Arrange to store weekly and monthly backup media in a local off-site location. (We have a shuttle that travels between clinic sites; it shuttles batches of tapes back and forth weekly.)
Periodically, rotate off-site backup media to a remote (out-of-county) location. You might, for instance, want to do this for longer-term archiving.
Every week, perform a “test restore” of the database from randomly selected backup media, restoring the data to your warm-spare server and then testing to ensure that the EHR can properly access the restored data.

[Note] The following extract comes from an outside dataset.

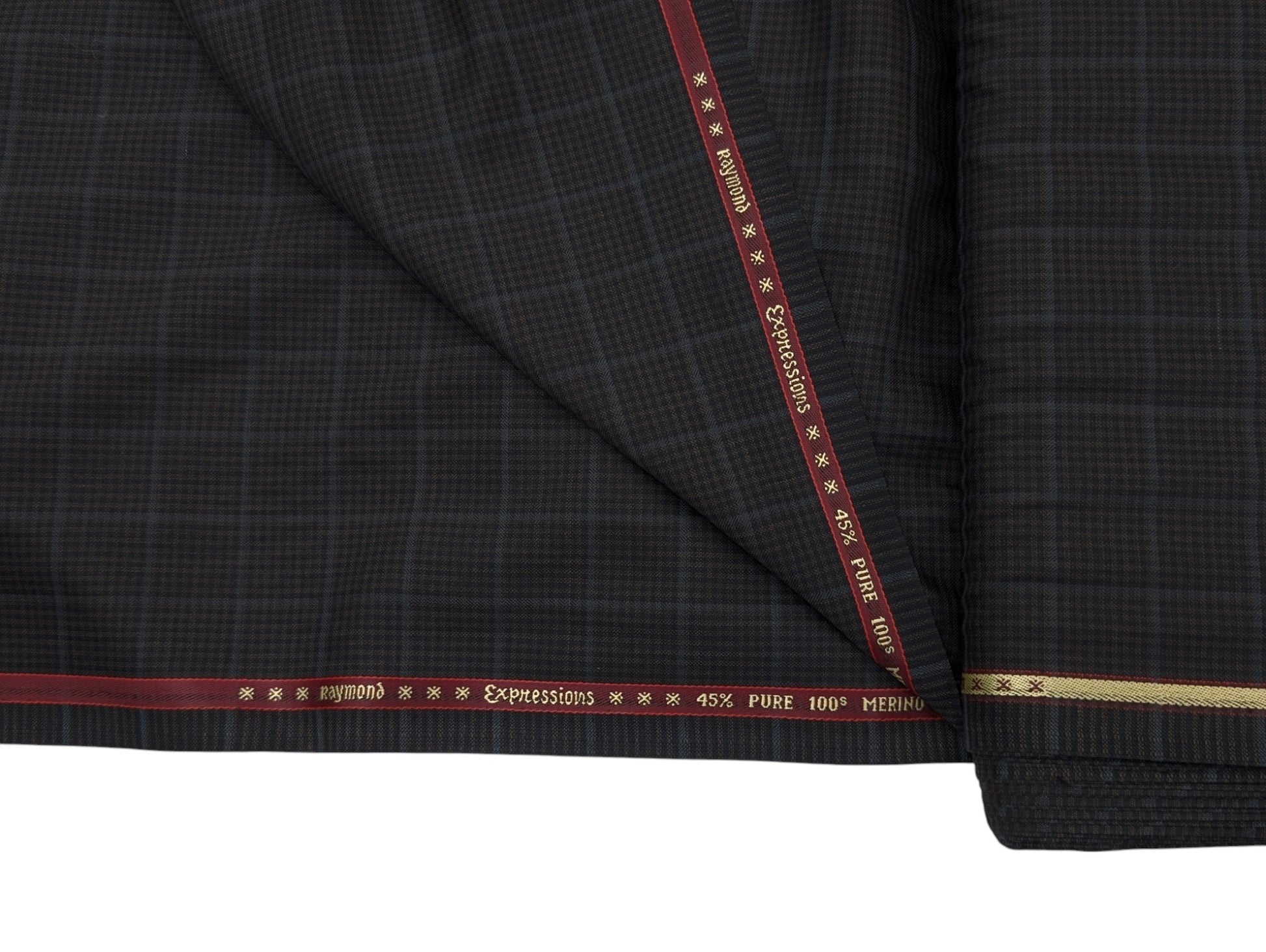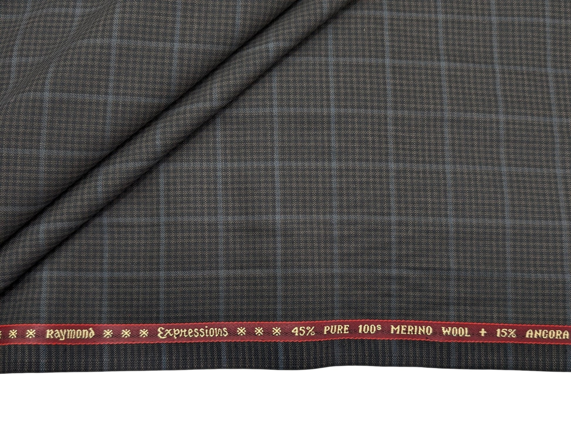 Raymond Expressions Merino Wool Blend Suiting Fabric (Dark Brown with Blue Checks)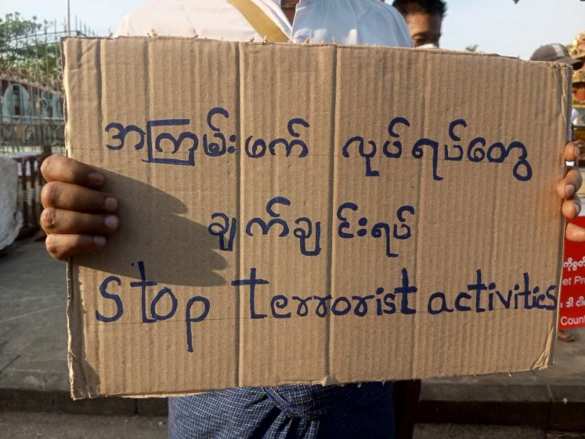 ရန်ကုန်တိုင်းဒေသကြီး၊ ဗဟန်းမြို့နယ်၊ ကြေးသွန်းဘုရားရှေ့တွင် ယနေ့ညနေ ၄ နာရီက ပြည်တွင်းရေးဝင်ရောက်စွက်ဖက်မှုများအား ဆန့်ကျင်ကန့်ကွက်ရှုတ်ချပွဲကို အမျိုးသားရေးလှုပ်ရှားသူများက ဦးဆောင်ကျင်းပခဲ့သည်။

Maintain logs of all backup activities, and require that they be signed off by supervisory personnel who verify adherence to backup procedures.
Arrange for an independent outside audit of your backup system every six months.
More work to do
In this article, we have chosen to focus exclusively on protection of the EHR database. However, we feel that the general principles outlined above can be successfully applied to most databases relevant to a family physician's practice. Attention to the five values and three dimensions of data protection will go a long way toward preparing a practice to weather the storms of unexpected system failures.
We recognize that the principles we have outlined in this article are neither perfect nor exclusive of other solutions. They simply constitute our best efforts to understand and address this problem. We are still working out the implementation details in our own plan, and we will no doubt need to make changes as we go. Physicians will need to customize their approaches depending on their own individual tolerance for data loss and EHR downtime, cost constraints (“high availability” systems tend to incur extra expense) and access to knowledgeable IT personnel. Some practices may choose to adopt procedures that are less complex and less costly than ours, while others may choose to be even more stringent.
During our EHR database crisis, open communication and venting of frustration were critical. Accountability, transparency and daily communication were paramount. A sense of “we are all in this together” and a positive, proactive attitude of “getting through this and becoming stronger by it” permeated our culture. In fact, it was this attitude that led to the writing of this article, so that others do not repeat our mistake.